The implication is that it will take $2 trillion for the general fund to repay these various funds. Even if the economy does very well in the future, a lot of taxes and levies will have to come in so that these debts are paid. And this isn’t even considering the national debt.

The public seems to think that Social Security is awash with funds from the payroll taxes that people pay. Instead, the general fund has raided and continues to raid Social Security.

The fund has a $1 trillion receivable from the general fund, and this amount is growing.
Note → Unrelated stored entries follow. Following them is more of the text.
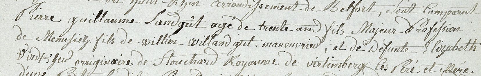 À Montbouton (Territoire de Belfort), le 5 octobre 1816, le scribe semble avoir eu bien du mal à comprendre et orthographier ce que lui a dit l’époux, lorsqu’il rédigea l’acte de mariage de Madeleine BOIGEOL avec «Pierre guillaume Landgût fils majeur de willim willandgut et de défunte Elizabeth Virdkher originaire de Stouchard Royaume de virtimberg (2)». Ne signant pas, l’époux ne précise pas l’information. Lequel du père ou du fils était originaire du Wurtemberg ? Origine non surprenante quand on sait que récemment encore le Comté de Montbéliard appartenait au Wurtemberg. Mais Stouchard ? Stuttgart ? Ou une localité à consonance semblable ?
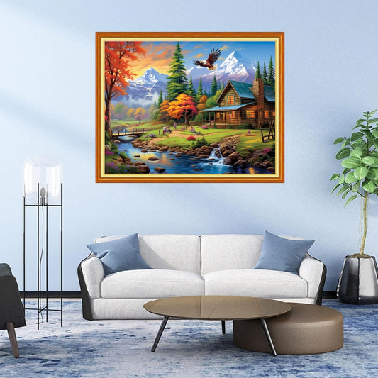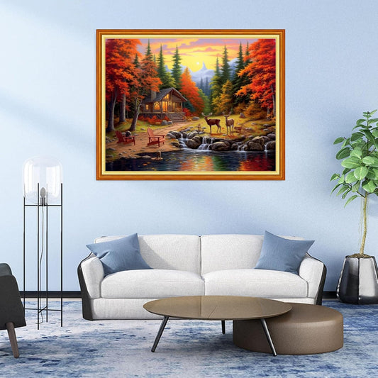 DMCVIVR Stamped Cross Stitch Kits for Adults Beginners Embroidery Kits 11CT Needlepoint Kits Cross Stitch Patterns Embroidery Patterns&Deep Autumn Scenery 16x20 inch
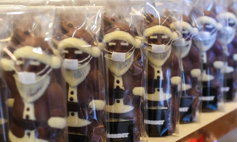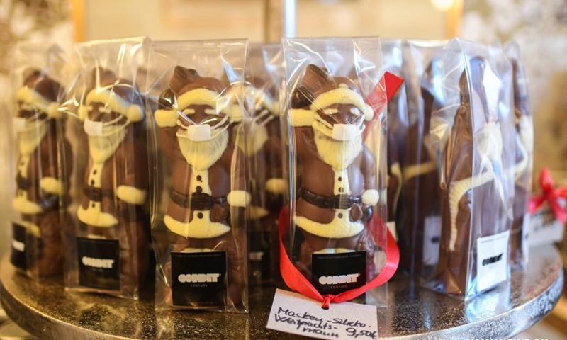 Chocolates in the shape of masked Santa Clauses are pictured at a confectionery shop during COVID-19 pandemic in Frankfurt, Germany, Nov. 25, 2020. (Xinhua/Lu Yang)

In 15-20 years this receivable likely will become a really large number.

Consequences.

The most critical consequence of these accounting lies is that the receivable likely will not be collectible.

At that point, the citizens will realize that they have been taken by the very ones who should be looking out for our interests.

The game that I have just described became legal in 1974 under President Nixon and has been played by every president since.

Because of the consequences, individuals need to address the problem and take steps to protect themselves.

What can you do?

The first thing I advise is not to rely on Social Security. Build up your own retirement accounts, for you might be forced to depend on them alone.

The next thing I recommend is to write, call, or e-mail Congress. Insist that “unified budgeting” be repealed. It’s hard to improve things if you don’t have truthful numbers reported.

The final thing is to insist that the general fund repay Social Security. That would require both parties to reduce or eliminate the tax cut so the funds are available to pay off the receivable to Social Security and to reduce the pork barrel spending.

Both parties got us into this mess; it will take heroic, bipartisan efforts to get us out of it.

Affects us all.

Accounting issues may be uninteresting to the masses, but in this case they have deleterious effects. We need to take actions now to alleviate this problem.

Fifteen years from now the disease might be too advanced to cure.

(J. Edward Ketz is associate professor of accounting in Penn State’s Smeal College of Business Administration.)